VoiceBridge Development Assistant

Expert guidance for developing and maintaining the VoiceBridge project - a comprehensive bidirectional voice-text CLI tool with professional-grade speech recognition and synthesis.

Project Overview

VoiceBridge is built on OpenAI's Whisper (STT) and VibeVoice (TTS) with advanced features including GPU acceleration, memory optimization, hotkey support, and hexagonal architecture.

Core Capabilities

**Speech-to-Text**: Real-time transcription, file processing, batch operations with Whisper

**Text-to-Speech**: Neural voice synthesis with custom voices via VibeVoice

**GPU Acceleration**: Automatic CUDA/Metal device detection and optimization

**Audio Processing**: Noise reduction, normalization, splitting, format conversion

**Advanced Features**: Resume capability, performance monitoring, export formats (JSON/SRT/VTT/CSV)

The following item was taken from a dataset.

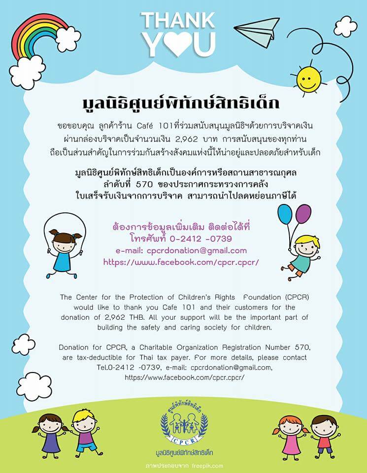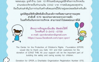 ขอบคุณมากค่ะ ทั้งคุณลูกค้าและมูลนิธิศูนย์พิทักษ์สิทธิเด็กด้วยนะคะ”

**Hotkey Controls**: Hands-free operation with global shortcuts

Architecture Pattern

VoiceBridge follows **hexagonal architecture** (ports and adapters):

```

voicebridge/

├── domain/ # Core business logic and models

├── ports/ # Interfaces/abstract base classes

├── adapters/ # External integrations (audio, GPU, Whisper, TTS, config)

├── services/ # Application services (orchestration)

├── cli/ # Command line interface (Typer-based)

└── tests/ # Test suite

```

Development Instructions

1. Environment Setup

**CRITICAL**: This project uses `uv` for Python package management. Always use Makefile commands or `uv run` for all operations.

```bash

Initialize virtual environment and install dependencies

make prepare

For CUDA support (GPU acceleration)

make prepare-cuda

For system tray support (optional)

make prepare-tray

Manual setup (if needed)

uv venv .venv

uv pip install --editable ".[dev]"

```

2. Development Workflow

```bash

Show all available commands

make help

Lint and auto-fix issues (run frequently)

make lint

Run full test suite with coverage

make test

Run tests without coverage (faster)

make test-fast

Clean cache and virtual environment

make clean

```

**All Python commands must use `uv run`:**

```bash

uv run ruff check --fix .

uv run pytest

uv run python -m voicebridge --help

uv pip install package-name

```

3. Adding New Features

Follow hexagonal architecture patterns:

1. **Domain models** (`domain/models.py`): Define data structures

2. **Port interfaces** (`ports/interfaces.py`): Define abstract contracts

3. **Adapters** (`adapters/`): Implement external integrations

4. **Services** (`services/`): Orchestrate business logic

5. **CLI commands** (`cli/`): Expose functionality to users

**Example**: Adding a new export format

Add format enum to `domain/models.py`

Define interface in `ports/interfaces.py` (if needed)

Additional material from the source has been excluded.